• Task brief
Only one span is wanted from the lines below: from the one with "618712834 Domestic cat" up to and including the one with "2014 Dodge Grand". Copy it exactly, without images.

(Available data Opens)

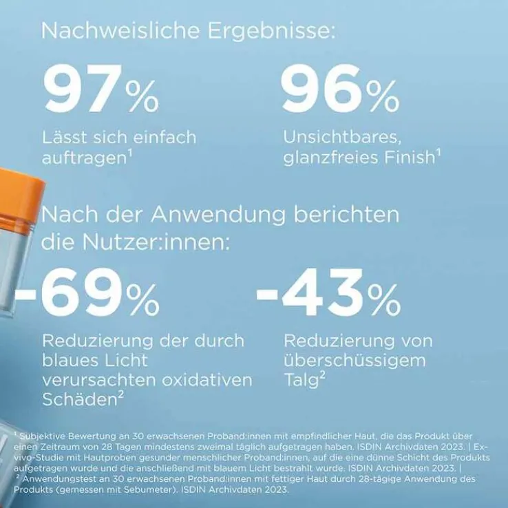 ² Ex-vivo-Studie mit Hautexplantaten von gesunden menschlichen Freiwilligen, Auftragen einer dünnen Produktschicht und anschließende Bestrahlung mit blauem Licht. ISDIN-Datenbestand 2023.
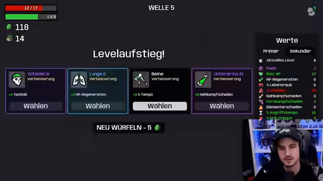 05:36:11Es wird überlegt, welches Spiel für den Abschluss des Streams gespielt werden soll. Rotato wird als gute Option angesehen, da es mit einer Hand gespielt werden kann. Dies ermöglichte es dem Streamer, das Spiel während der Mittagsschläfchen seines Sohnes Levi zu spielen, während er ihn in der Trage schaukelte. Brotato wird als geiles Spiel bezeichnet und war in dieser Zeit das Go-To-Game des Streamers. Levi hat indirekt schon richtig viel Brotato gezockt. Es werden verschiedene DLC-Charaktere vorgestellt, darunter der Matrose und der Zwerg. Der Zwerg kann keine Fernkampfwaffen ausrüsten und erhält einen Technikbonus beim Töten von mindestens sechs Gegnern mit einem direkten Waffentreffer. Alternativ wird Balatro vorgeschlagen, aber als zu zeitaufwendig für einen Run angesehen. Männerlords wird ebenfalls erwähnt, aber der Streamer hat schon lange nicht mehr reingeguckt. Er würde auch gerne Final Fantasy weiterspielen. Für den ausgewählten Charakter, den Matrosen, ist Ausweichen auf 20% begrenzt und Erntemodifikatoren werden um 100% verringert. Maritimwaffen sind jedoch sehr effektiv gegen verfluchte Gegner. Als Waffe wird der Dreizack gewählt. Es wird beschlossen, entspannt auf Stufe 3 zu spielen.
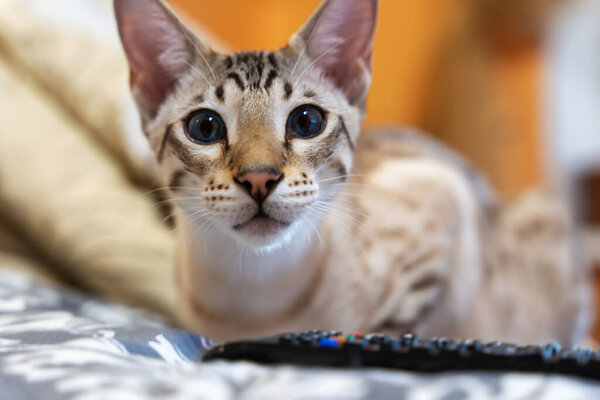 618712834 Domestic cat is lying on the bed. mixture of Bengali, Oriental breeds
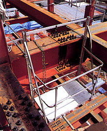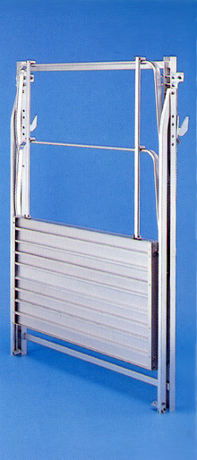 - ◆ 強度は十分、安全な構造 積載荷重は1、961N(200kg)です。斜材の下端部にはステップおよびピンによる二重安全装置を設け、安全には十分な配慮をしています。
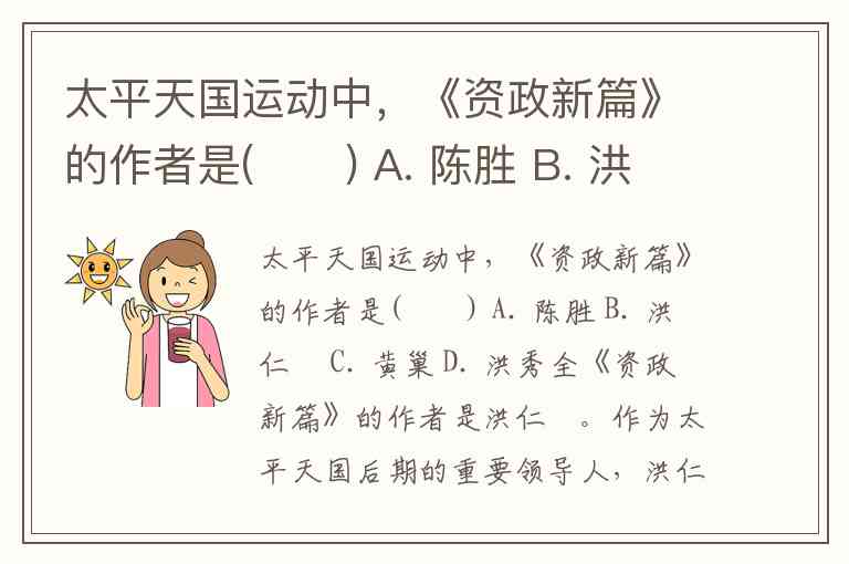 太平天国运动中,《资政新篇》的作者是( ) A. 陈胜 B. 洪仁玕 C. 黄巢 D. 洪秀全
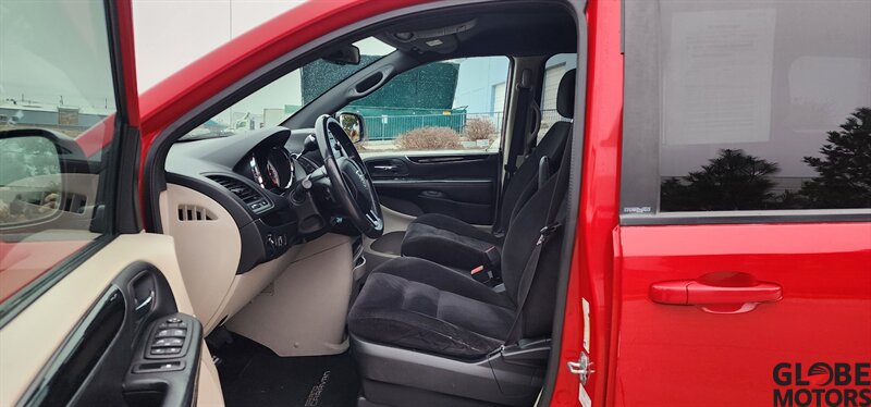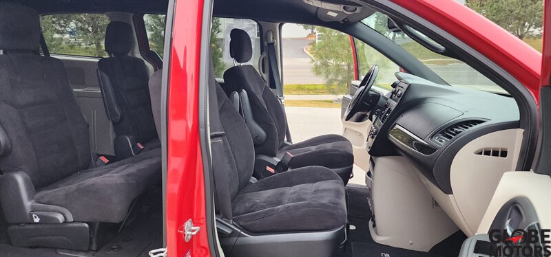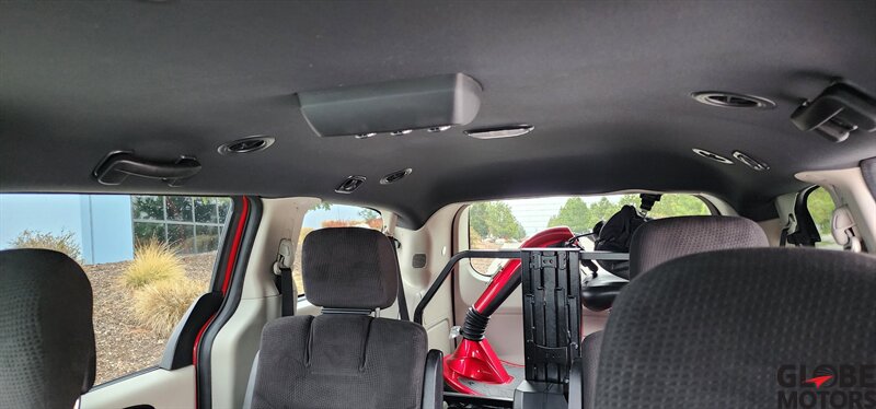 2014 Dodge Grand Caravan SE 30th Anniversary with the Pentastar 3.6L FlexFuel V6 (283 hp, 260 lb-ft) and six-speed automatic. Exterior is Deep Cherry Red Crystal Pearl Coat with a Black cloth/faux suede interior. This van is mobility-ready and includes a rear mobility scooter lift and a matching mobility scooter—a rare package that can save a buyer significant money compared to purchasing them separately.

(Available data Closes)
(Available data Opens)

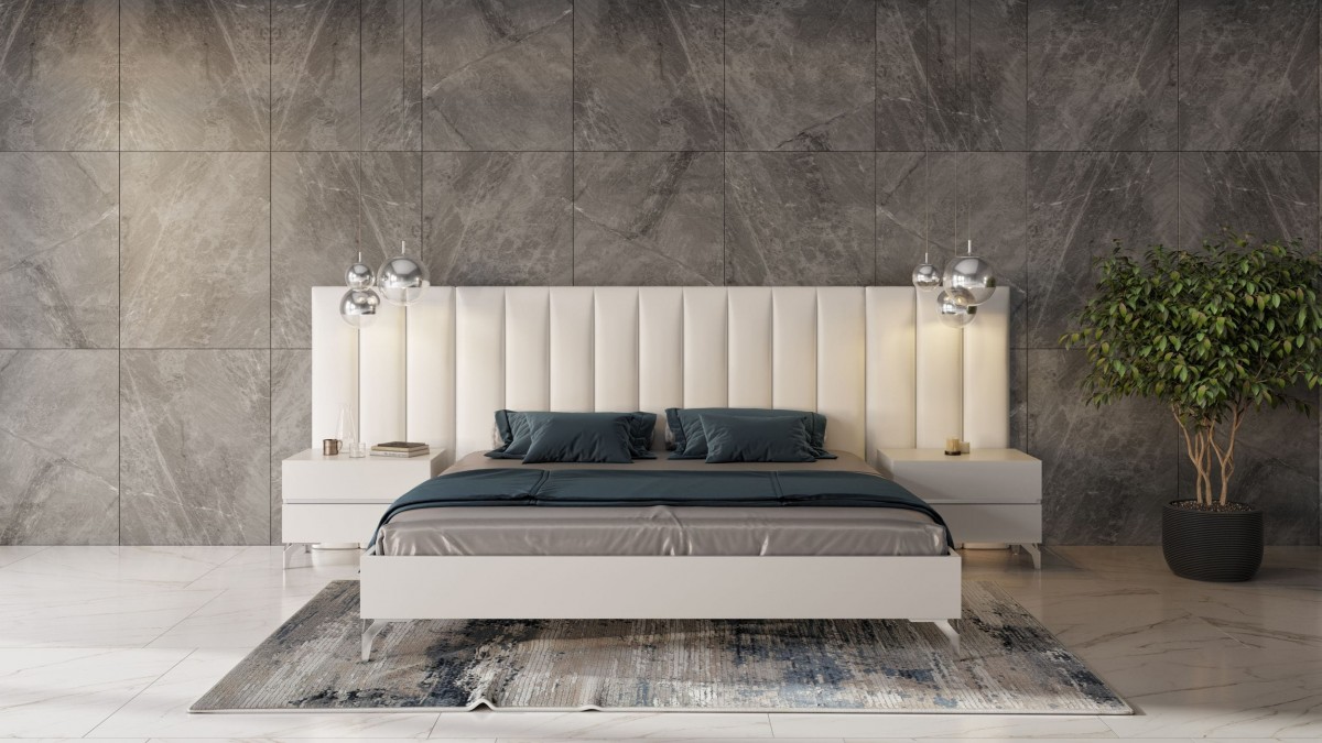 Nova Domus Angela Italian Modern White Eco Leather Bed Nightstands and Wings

(Available data Closes)

• Answer for the task
 618712834 Domestic cat is lying on the bed. mixture of Bengali, Oriental breeds
 - ◆ 強度は十分、安全な構造 積載荷重は1、961N(200kg)です。斜材の下端部にはステップおよびピンによる二重安全装置を設け、安全には十分な配慮をしています。
 太平天国运动中,《资政新篇》的作者是( ) A. 陈胜 B. 洪仁玕 C. 黄巢 D. 洪秀全
 2014 Dodge Grand Caravan SE 30th Anniversary with the Pentastar 3.6L FlexFuel V6 (283 hp, 260 lb-ft) and six-speed automatic. Exterior is Deep Cherry Red Crystal Pearl Coat with a Black cloth/faux suede interior. This van is mobility-ready and includes a rear mobility scooter lift and a matching mobility scooter—a rare package that can save a buyer significant money compared to purchasing them separately.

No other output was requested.